Treatment of endometriosis with the antiprogesterone mifepristone

by endosolu

I have posted this and other ‘hormone’ related studies mainly to highlight the correlation I believe between a healthy hormonal system and a healthy women.

It seems fairly obvious that hormones have a role to play in endometriosis.

Can I suggest you do you own research on how hormones are made in the body and what nutrients are required for this to happen successfully… my guess is you are lacking substantially (don’t shoot the messenger 🙂

My thoughts are well discussed in the graphic below… we sell the only tre-en-en grain concentrate that I know of and its part of the endometriosis program we have been using successfully for many years.

Energy & Hormones Start with Nutritional Assurance at the Cellular level


OBJECTIVE: To evaluate the safety and efficacy of an antiprogesterone (mifepristone, RU486; Roussel-Uclaf, Romaineville, France) on endometriosis.

DESIGN: An open, prospective clinical trial.

SETTING: The clinical practice of an academic faculty.

PATIENTS: Nine women with endometriosis were studied.

INTERVENTIONS: RU486 (50 mg/d) was administered for 6 months.

MAIN OUTCOME MEASURES: Daily symptom inventories and urinary steroid metabolites were assessed before, during, and after treatment. Blood for hormone analysis was obtained weekly for 4 weeks and monthly thereafter. The extent of endometriosis, bone mineral density, circadian rhythm of cortisol, and LH pulsatility were determined before and after treatment. Safety laboratory measurements were made before and at 1, 2, and 6 months of treatment.

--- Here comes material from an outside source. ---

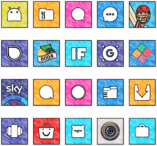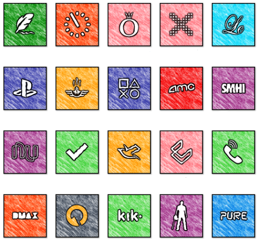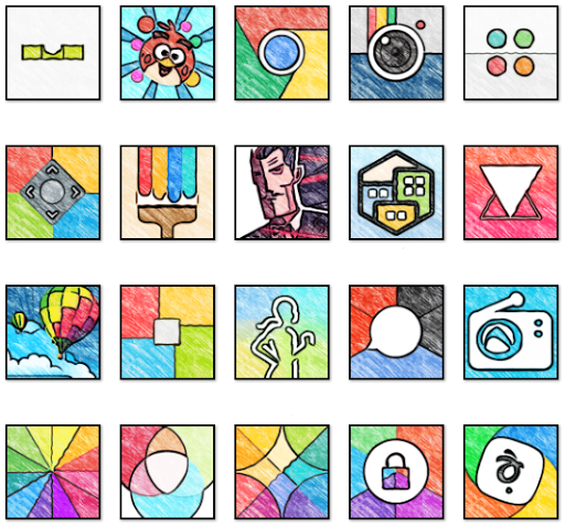 Bu inanılmaz el çizim simgelerinin tadını çıkarın, boya kalemi ve skeç tarzının boyamasını simüle eder.

RESULTS: Pelvic pain and uterine cramping improved in all patients. Endometriosis regressed by 55%. All patients exhibited endocrine features of anovulatory amenorrhea without hypoestrogenism. A rise in serum LH and T levels was observed during the first month of treatment and one patient developed an elevation of liver transaminases during the last month of treatment. All other measurements were unchanged.

CONCLUSION: RU486 appears to be effective in improving the symptoms and causing regression of endometriosis in the absence of significant side effects.

Kettel, L. M., et al. “Treatment of endometriosis with the antiprogesterone mifepristone (RU486).” Fertility and sterility 65.1 (1996): 23-28.